Records excerpted from a collection
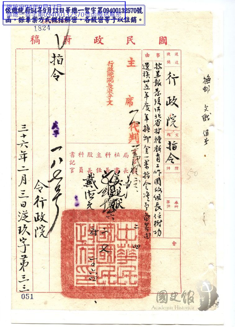 國民政府指令行政院據呈報發給任樹功遺族三十五年度年撫卹金請鑒核備案一案指令准予備案
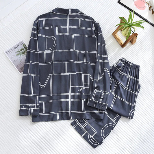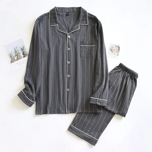 Minimalist Viscose Long Sleeve Pants Men Pajama Set
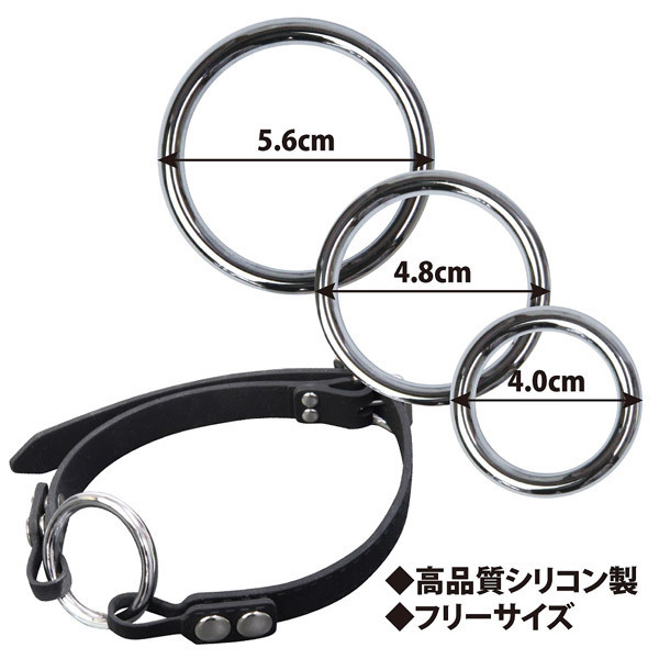 ![]() 大、中、小とサイズの異なるメタルリングがセット!より幅広いプレイが楽しめるシリコン製のSM用口枷「シリコンマウスギャグ Oリング3サイズセット」。
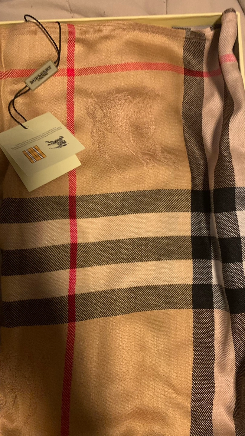New with tags, beige and red check pattern. Embroidered knight logo. If you feel the material of the scarf it melts in your hand it’s a perfect gift for Christmas and I paid over $200 for this and I’m only selling it for 60
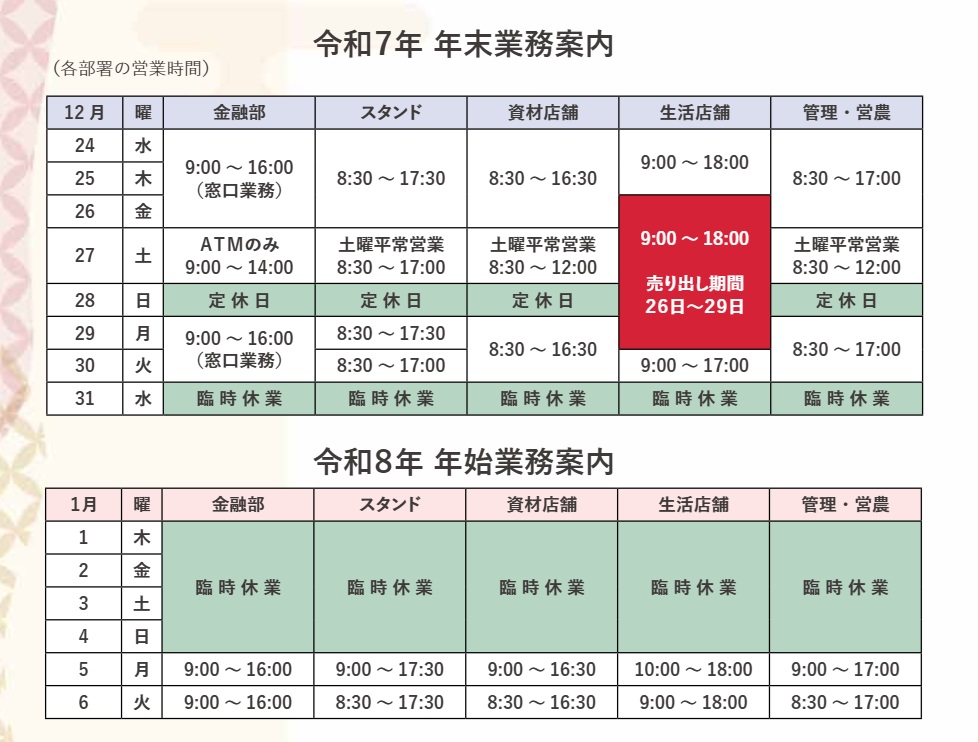 当組合各部の年末年始の業務案内を下記の通りお知らせいたします。
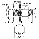 - Avec 100 écrou six pans en acier 8 zingué au feu ISO 4032
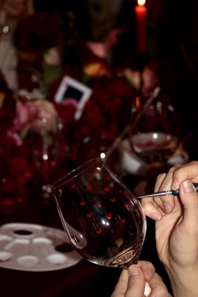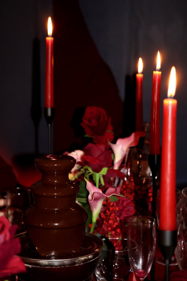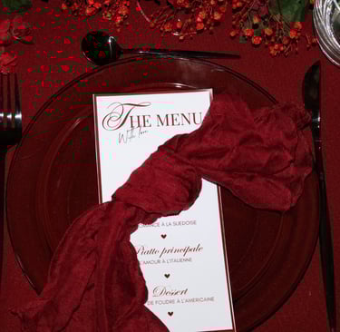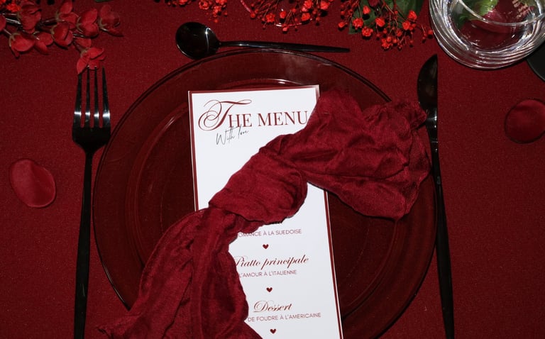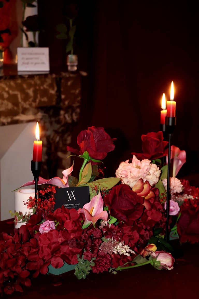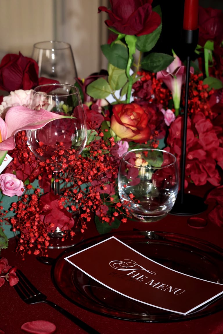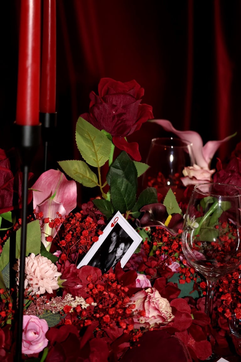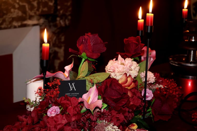 La table se fait jardin incandescent, un foisonnement de roses carmin et de pivoines délicates, où le rose poudré dépose un soupçon de tendresse. Les chandelles élancées dansent dans leur reflet de cristal, projetant une lumière douce, presque irréelle, comme pour suspendre le temps.

» Instructions to follow:
Leave every picture out and copy precisely the lines from the one containing "- Avec 100 écrou" through the last line of the data above, both ends included.

» Answer for the task:
 - Avec 100 écrou six pans en acier 8 zingué au feu ISO 4032
 La table se fait jardin incandescent, un foisonnement de roses carmin et de pivoines délicates, où le rose poudré dépose un soupçon de tendresse. Les chandelles élancées dansent dans leur reflet de cristal, projetant une lumière douce, presque irréelle, comme pour suspendre le temps.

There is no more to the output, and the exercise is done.